这里我们主要关注mQClientFactory,它是用来和nameserver、broker通信的客户端工厂。我们看一下它的构建,
MQClientManager的getOrCreateMQClientInstance方法:
public MQClientInstance getOrCreateMQClientInstance(final ClientConfig clientConfig, RPCHook rpcHook) {
String clientId = clientConfig.buildMQClientId();
MQClientInstance instance = this.factoryTable.get(clientId);
if (null == instance) {
instance =
new MQClientInstance(clientConfig.cloneClientConfig(),
this.factoryIndexGenerator.getAndIncrement(), clientId, rpcHook);
MQClientInstance prev = this.factoryTable.putIfAbsent(clientId, instance);
if (prev != null) {
instance = prev;
log.warn("Returned Previous MQClientInstance for clientId:[{}]", clientId);
} else {
log.info("Created new MQClientInstance for clientId:[{}]", clientId);
}
}
return instance;
}
factoryTable维护了一个map,保存clientId和mQClientFactory的关系,也就是说每个mQClientFactory对应一个客户端。这个clientId类似:IP@PID格式,唯一标识一个客户端(还和unitName有关,这里就不扩展了,一般我们一个进程只会有一个clientId,也就对应一个mQClientFactory)。
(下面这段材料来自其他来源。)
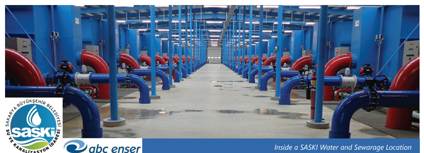
About SASKI (General Directorate of Sakarya Water and Sewerage Administration)

SASKI, the General Directorate of Sakarya Water and Sewerage Administration, (www.sakarya-SASKI.gov.tr), provides clean water to the province of Sakarya, Turkey. Its multiple stations serve approximately 1,030,000 residents over nearly 4,878 square kilometers, handling an annual average volume of over 60 million cubic meters and a maximum capacity of over 129 million cubic meters. SASKI's multiple locations throughout the region include 11 clean water treatment plants, 668 clean water tanks, 380 pump stations, 171 deep well, and over seven and a half million meters of pipeline.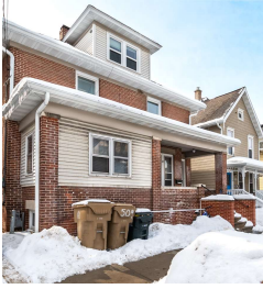
18 S Bassett St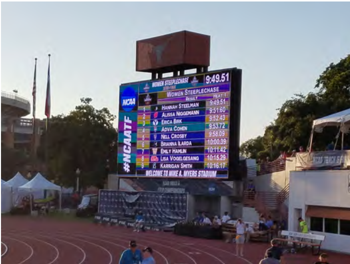
FIGURE 1. 2019 NCAA DIVISION I OUTDOOR TRACK AND FIELD CHAMPIONSHIP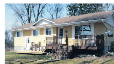
BEAUTIFUL UPDATED HOME ON 5 ACRES $395,000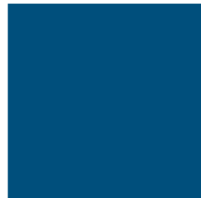
Standard-RAL machine colours without extra charge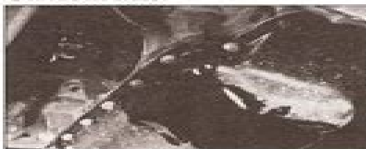
...or from the base of the oil filter.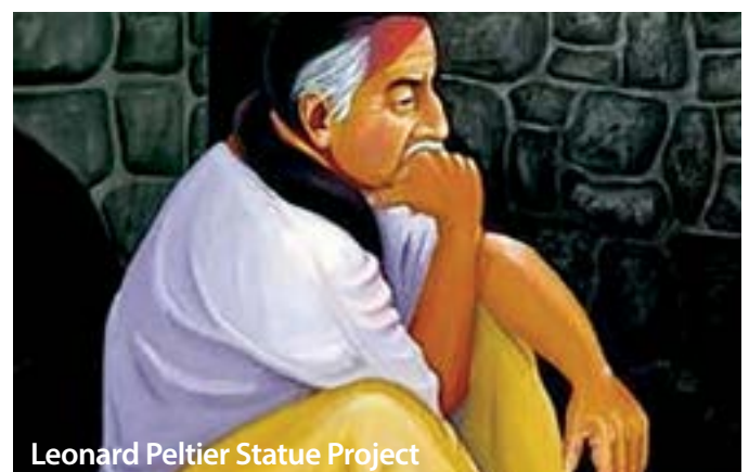
Leonard Peltier Statue Project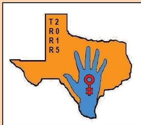
2015 Logo © TxPC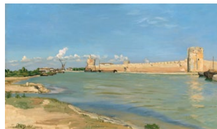
The Ramparts at Aigues-Mortes, by Frédéric Bazille.

February 6, 2017-April 14, 2017 (This exhibition is open 10:00 AM to 5:00 PM Monday through Friday. It is not open on weekends.)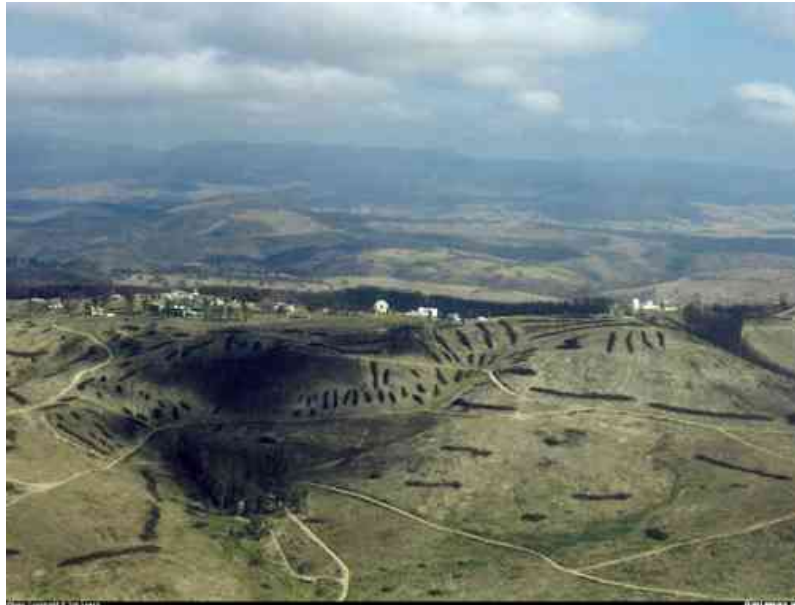
Mt Stromlo in January 2004 - a year after the fires – the white observatory buildings stand stark against the denuded slopes

Of course, it looks a lot different now. Up to 6 years ago, the mountain and surrounding areas were heavily wooded with pine plantations and the walk had its own special magic. When the infamous firestorm swept through Canberra on 18 th January 2003, taking 400 homes and two lives along the way, the Mt Stromlo area was completely engulfed and Australia's oldest active observatory, atop the mountain, was extensively damaged. Helicopter observations revealed its handful of giant domes as either burnt to the framework or molten masses of metal.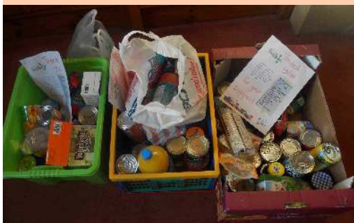
Pictured left: Some of the Produce collected at the morning service.

If you don't come to Church, but still want to make a donation, either give to someone you know who comes, or drop things off on the Saturday beforehand.

下面看一下mQClientFactory的start方法:
public void start() throws MQClientException {
synchronized (this) {
switch (this.serviceState) {
case CREATE_JUST:
this.serviceState = ServiceState.START_FAILED;
// If not specified,looking address from name server
if (null == this.clientConfig.getNamesrvAddr()) {
this.mQClientAPIImpl.fetchNameServerAddr();
}
// Start request-response channel
this.mQClientAPIImpl.start();
// Start various schedule tasks
this.startScheduledTask();
// Start pull service
this.pullMessageService.start();
// Start rebalance service
this.rebalanceService.start();
// Start push service
this.defaultMQProducer.getDefaultMQProducerImpl().start(false);
log.info("the client factory [{}] start OK", this.clientId);
this.serviceState = ServiceState.RUNNING;
break;
case START_FAILED:
throw new MQClientException("The Factory object[" + this.getClientId() + "] has been created before, and failed.", null);
default:
break;
}
}
}
首先是状态的二次校验,同样是CREATE_JUST时才会有相应操作。5步操作,下面一个个分析:
this.mQClientAPIImpl.fetchNameServerAddr();
public String fetchNameServerAddr() {
try {
String addrs = this.topAddressing.fetchNSAddr();
if (addrs != null) {
if (!addrs.equals(this.nameSrvAddr)) {
log.info("name server address changed, old=" + this.nameSrvAddr + ", new=" + addrs);
this.updateNameServerAddressList(addrs);
this.nameSrvAddr = addrs;
return nameSrvAddr;
}
}
} catch (Exception e) {
log.error("fetchNameServerAddr Exception", e);
}
return nameSrvAddr;
}
简单说明一下,这里和nameserver的动态发现有关,当发现nameserver的地址有变更时,同步调整相应对象中的地址信息。这里有个topAddressing,通过http请求获取最新的nameserver数据。 对应的请求地址获取方法MixAll.getWSAddr:
public static String getWSAddr() {
String wsDomainName = System.getProperty("rocketmq.namesrv.domain", DEFAULT_NAMESRV_ADDR_LOOKUP);
String wsDomainSubgroup = System.getProperty("rocketmq.namesrv.domain.subgroup", "nsaddr");
String wsAddr = "http://" + wsDomainName + ":8080/rocketmq/" + wsDomainSubgroup;
if (wsDomainName.indexOf(":") > 0) {
wsAddr = "http://" + wsDomainName + "/rocketmq/" + wsDomainSubgroup;
}
return wsAddr;
}
和两个系统参数有关
this.mQClientAPIImpl.start();
跟到RemotingService的start方法,这里要明确的一点,不管是producer端还是consumer端,对于RocketMQ来说都是client端,也就是说这里我们看NettyRemotingClient实现:
@Override
public void start() {
//构建一个DefaultEventExecutorGroup, 用于处理netty handler中的操作
this.defaultEventExecutorGroup = new DefaultEventExecutorGroup(
//客户端线程数 默认4个
nettyClientConfig.getClientWorkerThreads(),
new ThreadFactory() {
private AtomicInteger threadIndex = new AtomicInteger(0);
@Override
public Thread newThread(Runnable r) {
return new Thread(r, "NettyClientWorkerThread_" + this.threadIndex.incrementAndGet());
}
});
//初始化netty
Bootstrap handler = this.bootstrap.group(this.eventLoopGroupWorker).channel(NioSocketChannel.class)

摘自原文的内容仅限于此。